= UFO flap =

Sudden increase in UFO reports over a period of time

A UFO flap is a rash of reports of unidentified airborne objects. Flap, originally a military term to describe a "period of panic or chaos", is used by ufologists to describe surges of sightings in one geographical area. Longer surges spanning multiple countries may be called waves. Reported sightings of UFOs, public interest in them, and news coverage are highly variable in frequency. The terms UFO, flap, and wave allow for sightings of various unrelated phenomena in the night sky to be discussed as if they are parts of the same aerial event.
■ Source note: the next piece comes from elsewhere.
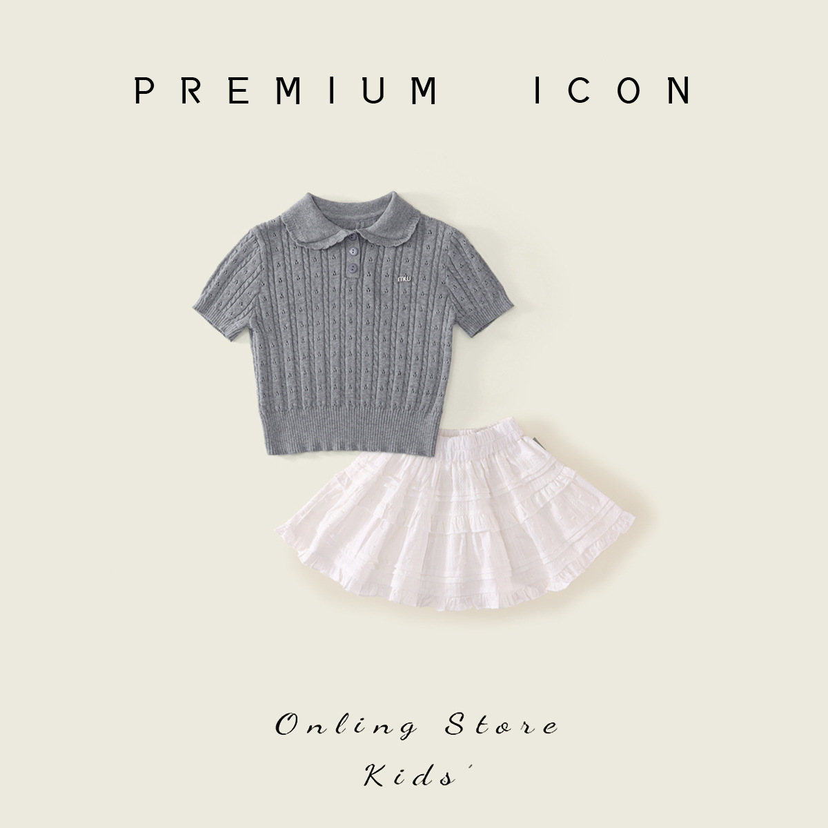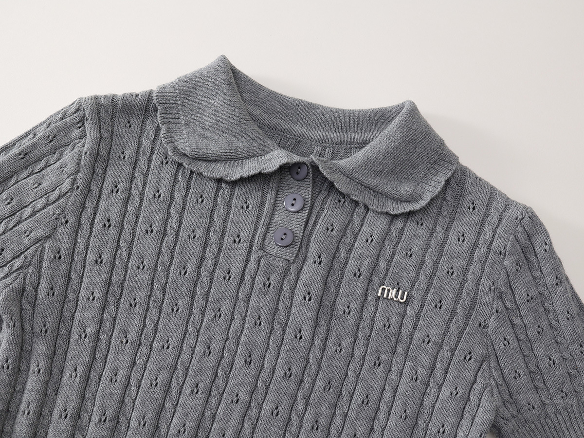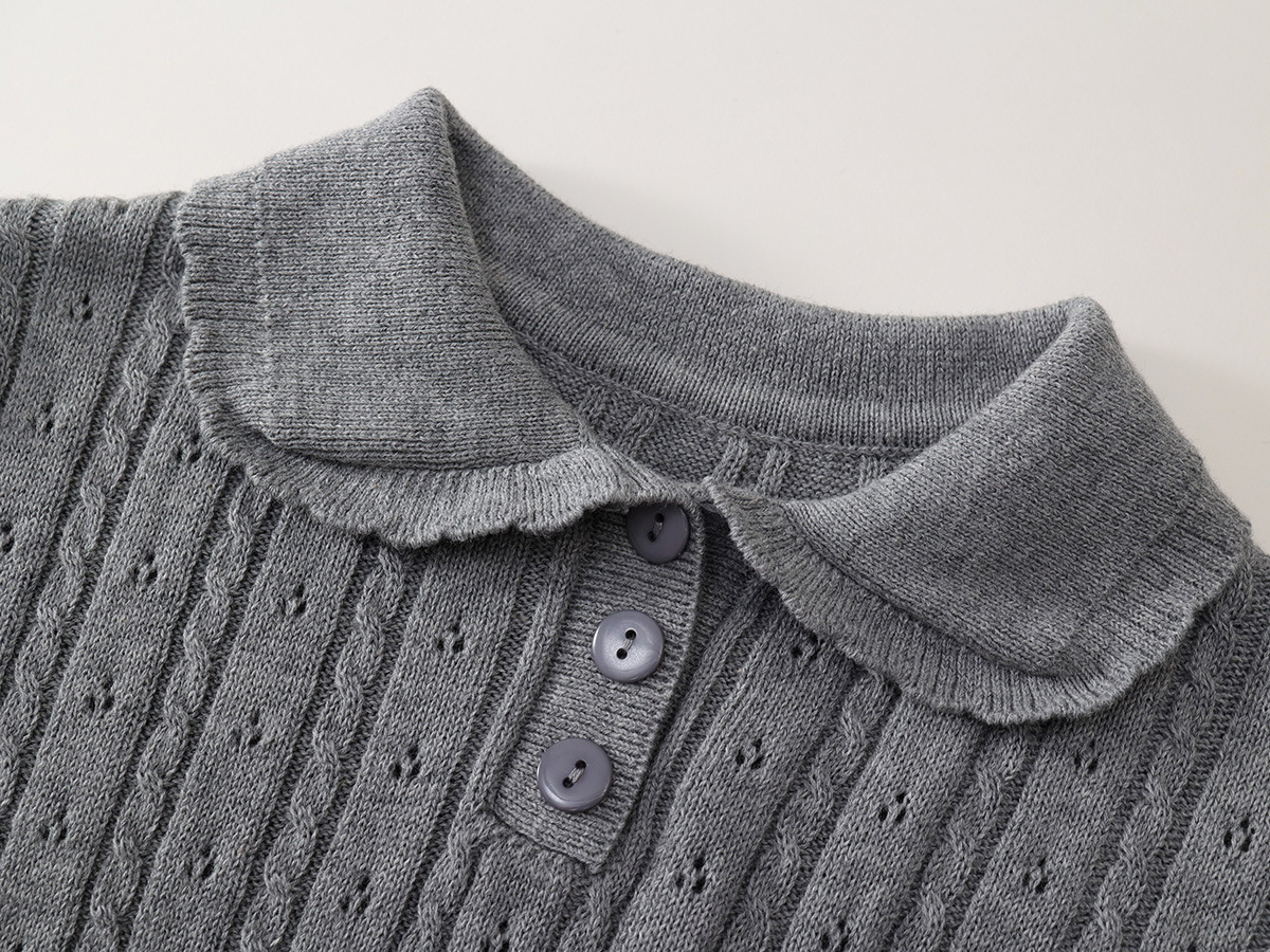 여자 회색 니트 반팔 폴로 탑 2025 여름 신작 어린이 한국 자카드 스커트 투피스 세트

Documenting the provenance of the idea of a UFO flap, Wired journalist Sarah Scoles identified how the term was first associated with the 1947 flying saucer craze:

Arnold's sighting, however he felt about it, began an epidemic. Soon, other people around the US started to see their saucers. The night sky opened up, kicking off a ufological period insiders refer to as a "flap": a period of increased sightings. The term also has the contextual tinge of the word's other definition, "an increased state of agitation." Edward Ruppelt, an Air Force officer who would go on to be part of governmental UFO investigations, wrote that "in Air Force terminology a 'flap' is a condition, or situation, or state of being of a group of people characterized by an advanced degree of confusion that has not quite yet reached panic proportions." In this case, the people were not yet panicking about strange sights in the sky.

If Arnold hadn't said a word, history probably would have nevertheless been set on a similar course. Someone else's sighting would likely have catalyzed a similar flap—a year later, maybe two, or five. All events unfold in a cultural medium, after all. And the medium of Arnold's time—colored by the fear of outsiders, fear of invasions, and awe of technology, just like today—was fertile ufological ground. Perhaps, in a world without Arnold's encounter, people would have described "the phenomenon" differently. Perhaps we wouldn't have the term "flying saucer" at all. Maybe it would have been pancakes or spheres. But Arnold and saucers are what we've got. So the flap that followed—and, really, all flaps to follow—bear his imprint, however faint.

UFO flaps can be exacerbated by hoaxers taking advantage of the flurry of interest.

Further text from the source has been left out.